Henning Thielemann
On Fri, 7 Dec 2007, Simon Peyton-Jones wrote:
| And I think that the solution is not to make the language larger and
larger
| everytime someone wants a feature but to give people the tools to provide | features without language changes.
Of course that would be even better! (Provided of course the resulting programs were comprehensible.) Haskell is already pretty good in this respect, thanks to type classes, higher order functions, and laziness; that's why it's so good at embedded domain-specific languages.

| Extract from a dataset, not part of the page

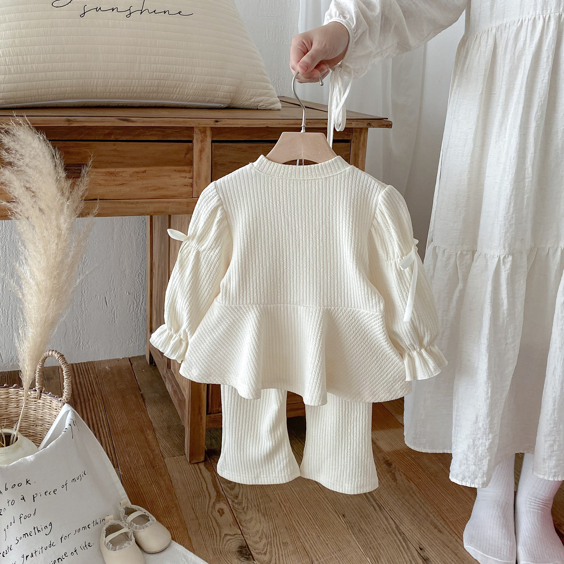 Set din tricot reiat de 2 piese cu tunică cu mâneci bufante și pantaloni tip „clopot” Ivory Bliss

When I learned about GROUP BY and HAVING in SQL with its rules about what is allowed in GROUP BY and SELECT I considered GROUP BY a terrible hack, that was just introduced because the SQL people didn't want to allow types different from TABLE, namely lists of tables. I try to convince my data base colleagues that GROUP BY can nicely be handled in relational algebra by allowing sets of sets and that this is a fine combinatorial approach. I [snip]

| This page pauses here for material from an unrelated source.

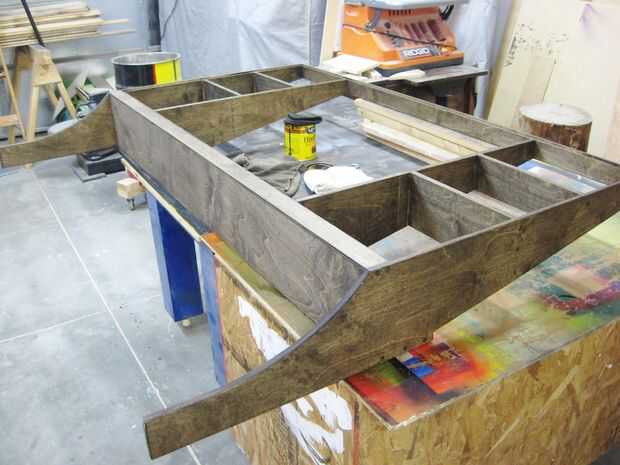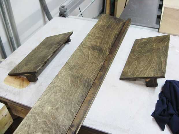 Esto fue seguido por dos capas de goma laca con un ligero lijado con lija de 220 entre capa y capa y después de la última capa. Luego todo fue pulido con pasta de cera para muebles.

I agree with Henning that HAVING is a 'terrible hack', but then SQL altogether is a terrible hack. I would expect the Haskell approach to be based on the much sounder theoretical principles of Relational Algebra, and I applaud that Wadler+SPJ's 'Comprehensive Comprehensions' restricts itself to a subset of SQL that corresponds to Relational Algebra. In that context, GROUP BY is reasonably well-defined as a mapping from a table to a table. (The hack in SQL vintage 1975 is in trying to squeeze GROUP BY into the structure of SELECT ... FROM ... WHERE ..., the mess now can be blamed on trying to preserve backwards compatability.) As that paper points out, HAVING is unnecessary - it's just a filter on the result set of group-by. And relational theorists agree that HAVING is unneccessary (see for example 'The Importance of Column Names', Hugh Darwen 2003 from www.thethirdmanifesto.com). It's crucial that in Relational Algebra everything is a table. (See Codd's 12 rules). The result of GROUP BY we might want to pass to another GROUP BY, or JOIN to another table, etc -- or does Henning propose a hierarchy of sets of sets ... of tables, presumably with a hierarchy of HAVINGHAVING's?